-- SOURCE DATA --
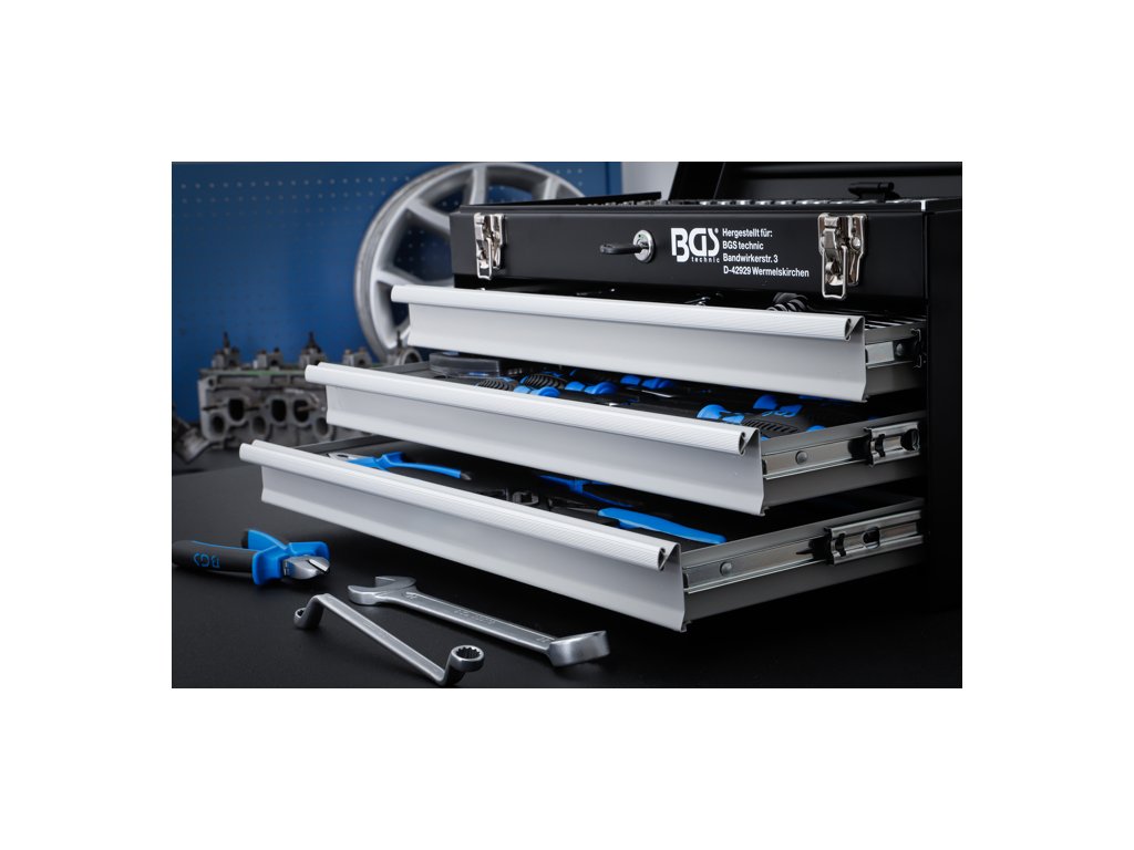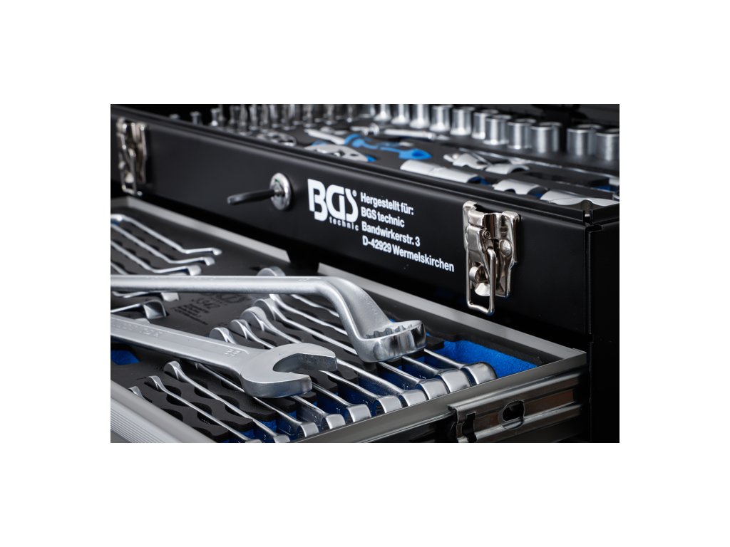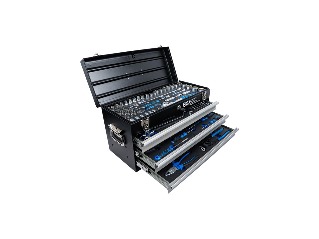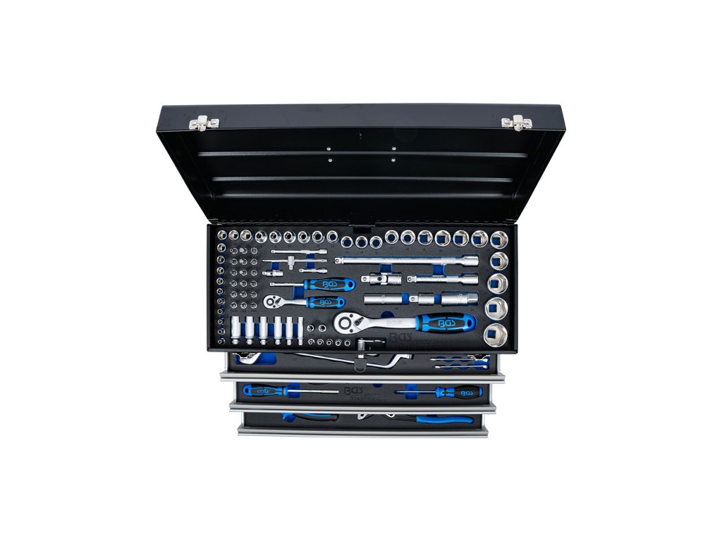 Velká sada ručního nářadí: gola sady 1/4“ a 1/2“, kleště, klíče, šroubováky a bity, 143 dílů v bytelném kovovém kufru (base)– BGS technic 3318
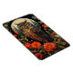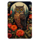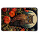 A flexible magnet with a cool looking owl with a piercing stare. A full moon in the back with a garden of red flowers.
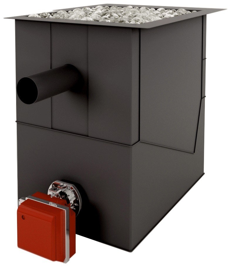 Печь для бани газовая «КомПАР» для коммерческого применения – печь-каменка для установки в парильных помещениях объемом от 40 до 70 кубометров. Топка печи изготовлена из жаростойкой нержавеющей стали с повышенным содержанием хрома (не менее 18%) и титана. Толщина металла топки составляет 4 мм, а в наиболее термически и механически нагруженных зонах — 6 мм. Печь предназначена для установки вентиляторных газовых горелок одно- или двухступенчатого режима работы мощностью до 100 кВт (в комплект не входит). Рекомендуемые к установке типы горелок: Riello BS1, Weishaupt WG5, Ferroli Sun M6, Lamborghini EM 6-E.D1.
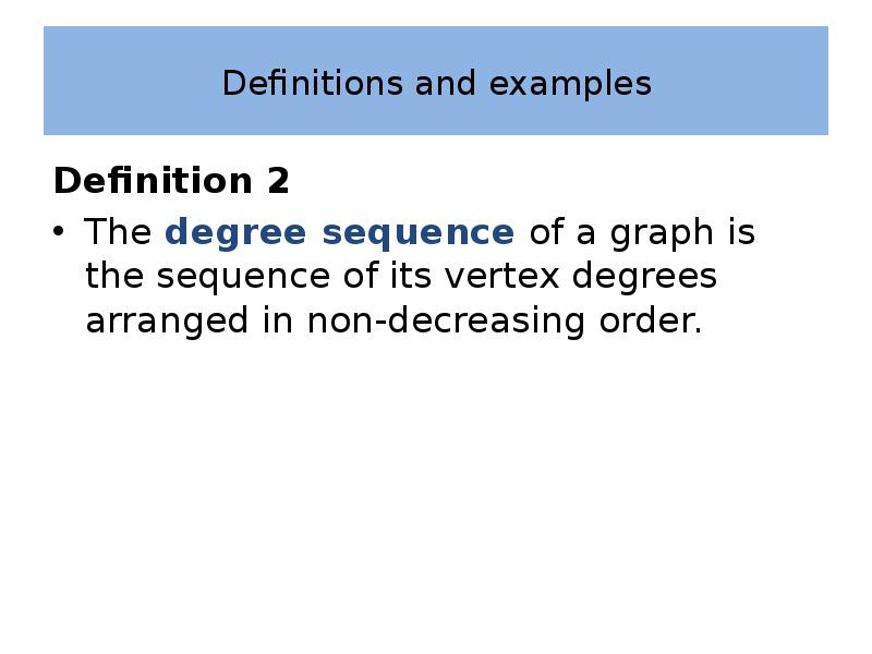 - 11. Definitions and examples Definition 2 The degree sequence of a graph
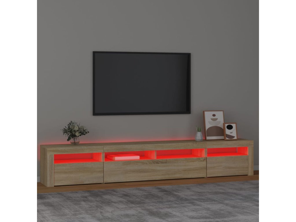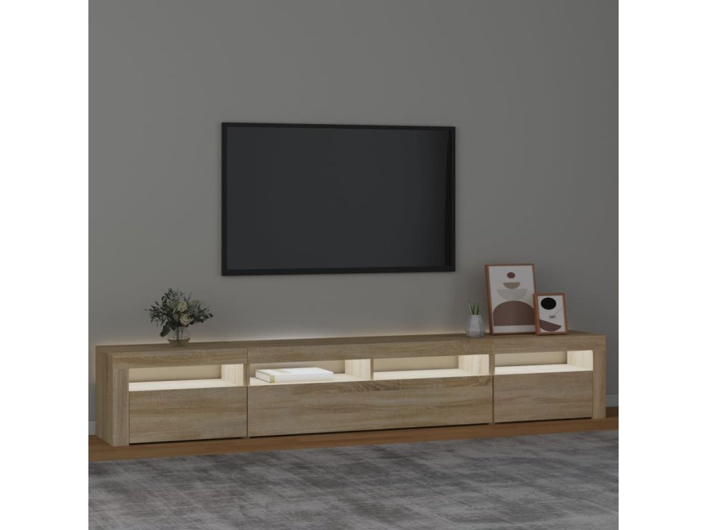 vidaXL TV skrinka s LED svetlami dub sonoma 240 x 35 x 40 cm
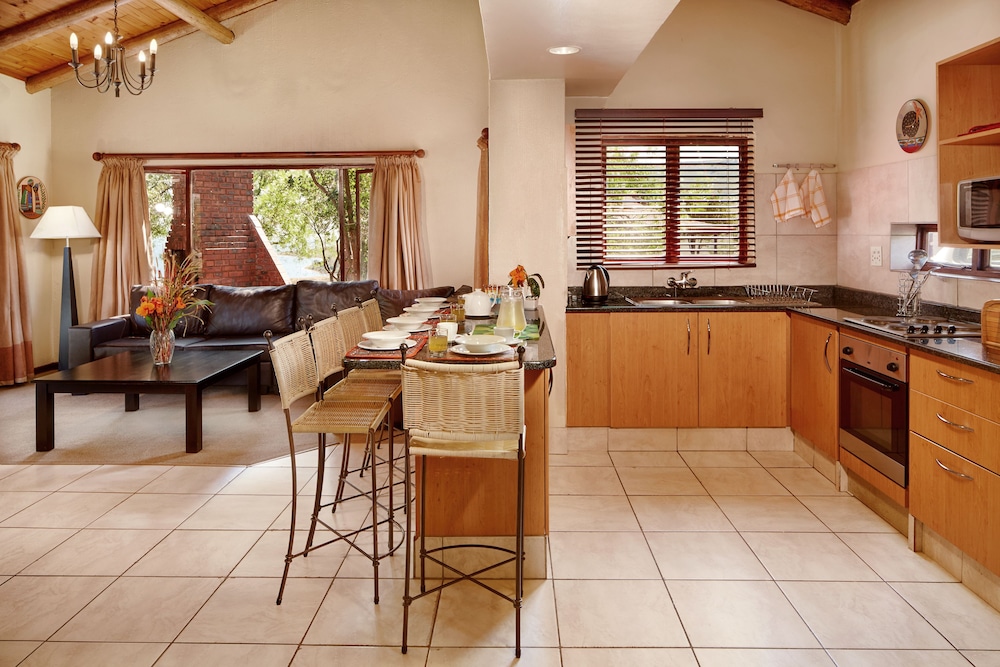 The chalets also feature two bathrooms, a well-equipped kitchen (including an oven and microwave), a TV with limited DStv channels, a fireplace, and a braai area for those late afternoon braais. The units are serviced on a daily basis (excluding Sundays/public holidays).
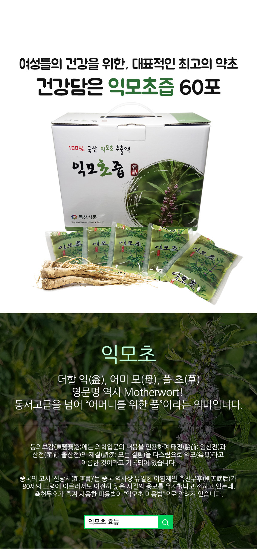 ㅇ 익모초 효능익모초 효능은 어혈을 풀어주고 여성 생리를 조화롭게 하며 혈의 순환을 돕고 수도를 이롭게 하고 자궁수축 등의 효능이 있어 생리불순 출산 시 후산이 잘 아 되는 오로불하(惡露不下)와 어혈복통(瘀血腹痛), 생리통, 타박상, 소화불량, 급성 신염, 혈뇨, 식용부진, 호홉 중추흥분, 강혈압 등의 효능이 있습니다.
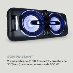 - Puissant : 2 x enceintes de 8″ (20,3 cm) et 2 x tweeters de 3″ (7,6 cm) pour une puissance de 2 x 50 W RMS
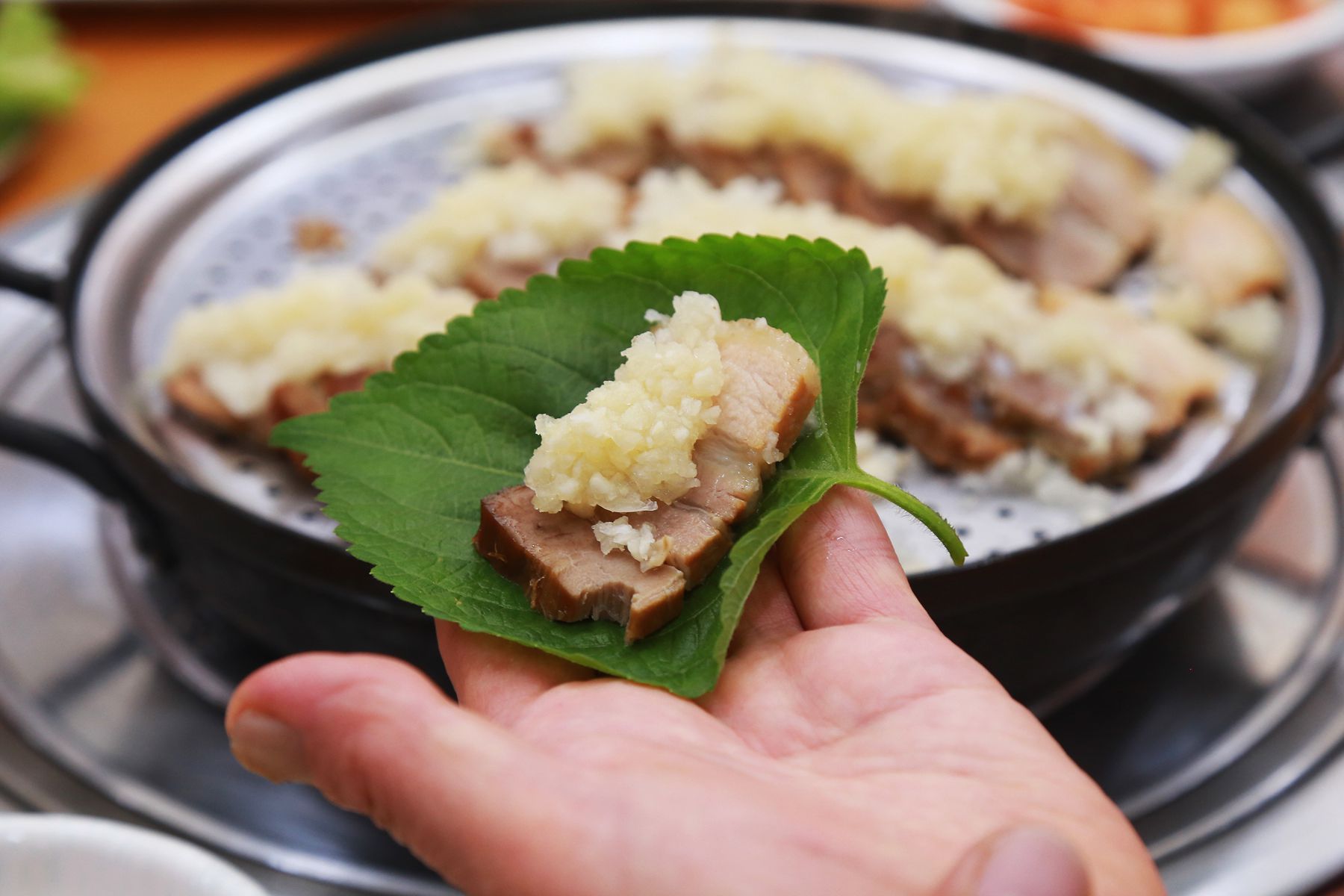 마지막까지 처음 그대로의 맛으로 맛있게 즐길 수 있도록 차려져 깊은 맛이 느껴지는 마늘보쌈은
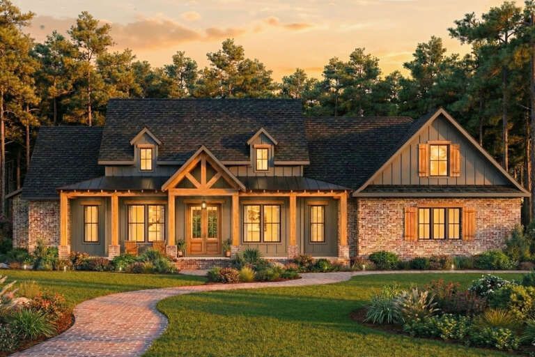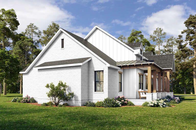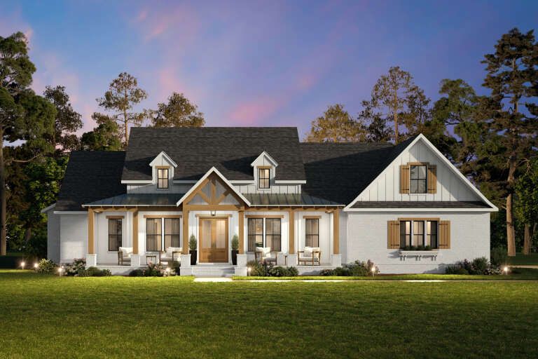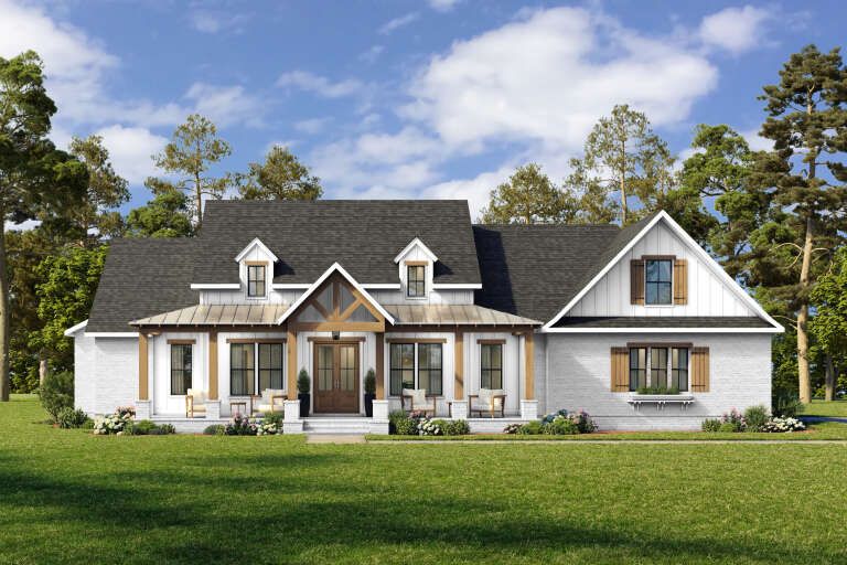 This modern farmhouse plan delivers thoughtful spaces that support both everyday living and occasional entertaining. With its open design, split bedroom layout, and porch spaces that connect you to the outdoors, it offers a balanced home that feels both generous and efficient. Whether you’re raising a family, hosting guests, or planning for growing needs, this plan gives flexibility, comfort, and timeless farmhouse appeal in a single, well-designed layout.
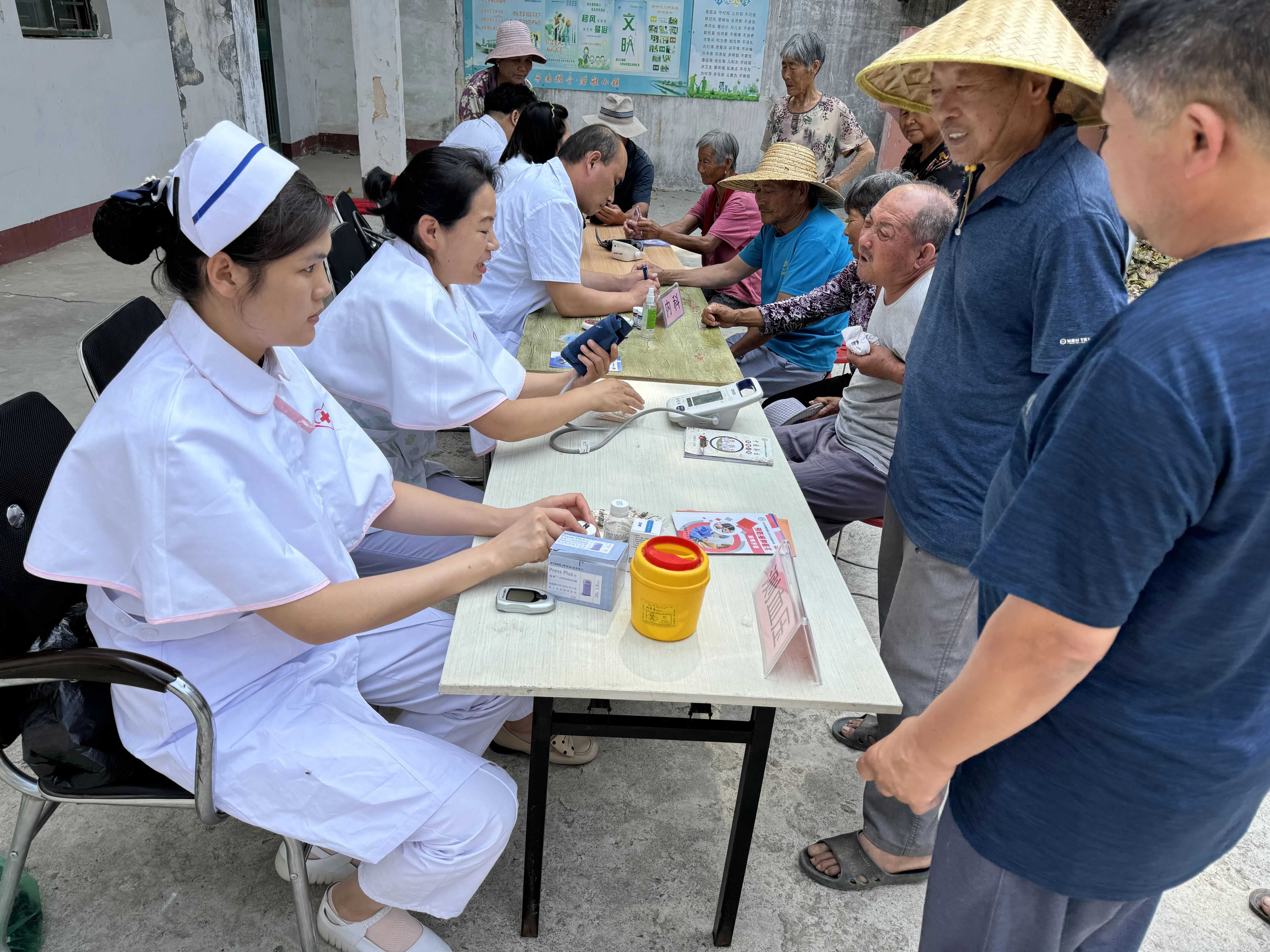 活动现场,志愿服务队员们为村民健康体检,检测血糖、血压,内科、外科、治未病科等医务人员认真询问村民的既往病史、病情,细致地解答他们提出的各种健康问题,并发放健康科普宣传手册,为他们普及疾病预防知识和突发疾病的救治方法,切实提高村民的健康防病意识。
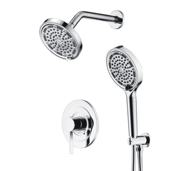 • 2. 2-in-1 Control Valve for Hassle-Free Switching: Tired of juggling multiple valves? Our innovative 2-in-1 control valve in the shower faucet lets you swap between the handheld sprayer and overhead head with a simple turn.
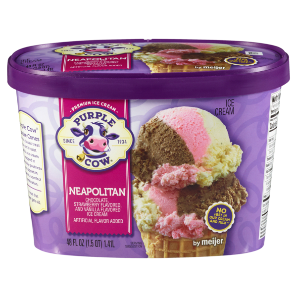 - The manufacturer of Neapolitan Premium Ice Cream is Purple Cow.
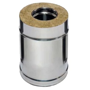 - Сэндвич выполнен из нержавеющей стали AISI 439 толщиной 0,8 мм, поэтому подходит для установки на начальных участках дымохода, где температура отработанных газов выше
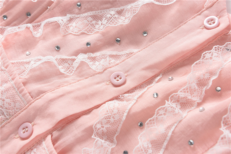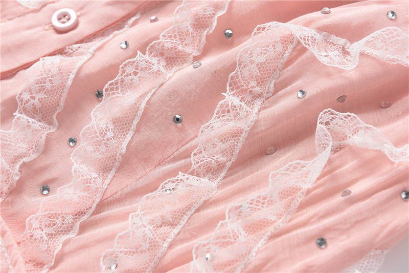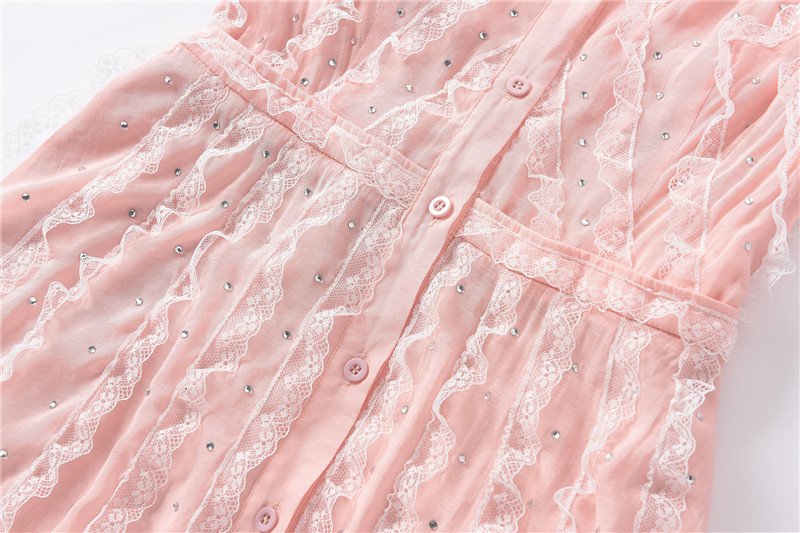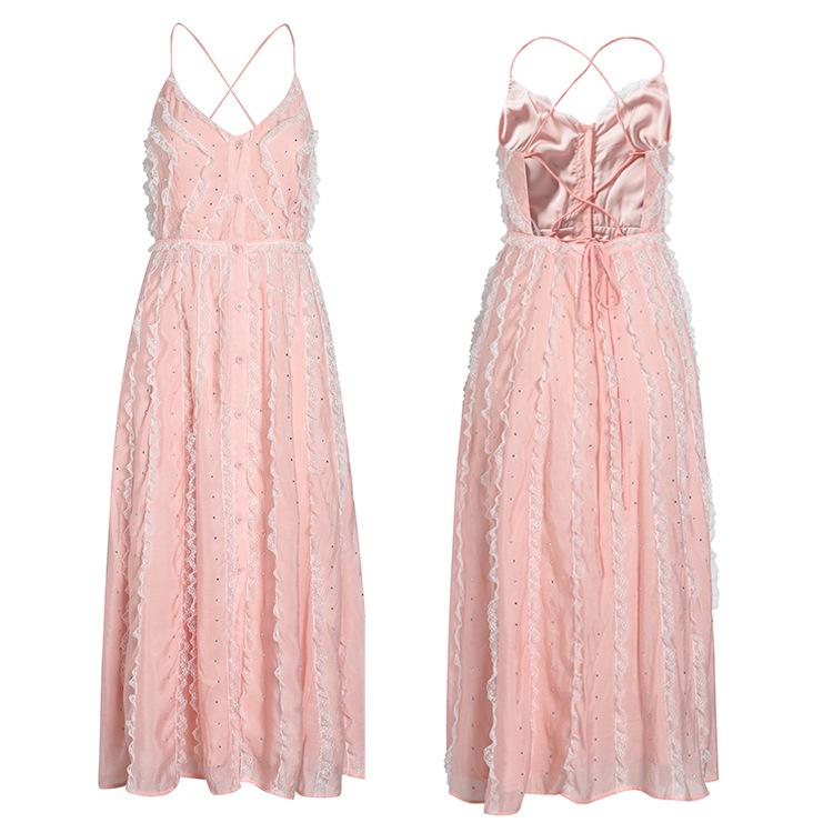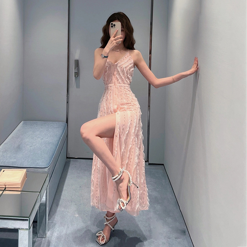 标题:法式纯欲风粉色显瘦中长款开叉长裙女重工水钻蕾丝吊带连衣裙夏季
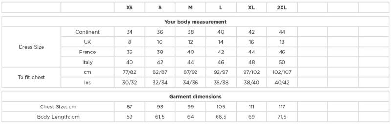 Vypasovaný střih, pletený límec, knoflíková léga s 2 knoflíky, krční lemovka a boční rozparky s vnitřní výztuží ve vzhledu rybí kosti, otevřené rukávy s dvojitými švy na manžetách, 1 náhradní knoflík, pratelné na 60°, lze sušit v sušičce

-- TASK --
Reproduce the entries exactly, from the line with "vidaXL TV skrinka" to the line with "마지막까지 처음 그대로의", both lines included, keeping no pictures.

-- ANSWER AREA --
 vidaXL TV skrinka s LED svetlami dub sonoma 240 x 35 x 40 cm
 The chalets also feature two bathrooms, a well-equipped kitchen (including an oven and microwave), a TV with limited DStv channels, a fireplace, and a braai area for those late afternoon braais. The units are serviced on a daily basis (excluding Sundays/public holidays).
 ㅇ 익모초 효능익모초 효능은 어혈을 풀어주고 여성 생리를 조화롭게 하며 혈의 순환을 돕고 수도를 이롭게 하고 자궁수축 등의 효능이 있어 생리불순 출산 시 후산이 잘 아 되는 오로불하(惡露不下)와 어혈복통(瘀血腹痛), 생리통, 타박상, 소화불량, 급성 신염, 혈뇨, 식용부진, 호홉 중추흥분, 강혈압 등의 효능이 있습니다.
 - Puissant : 2 x enceintes de 8″ (20,3 cm) et 2 x tweeters de 3″ (7,6 cm) pour une puissance de 2 x 50 W RMS
 마지막까지 처음 그대로의 맛으로 맛있게 즐길 수 있도록 차려져 깊은 맛이 느껴지는 마늘보쌈은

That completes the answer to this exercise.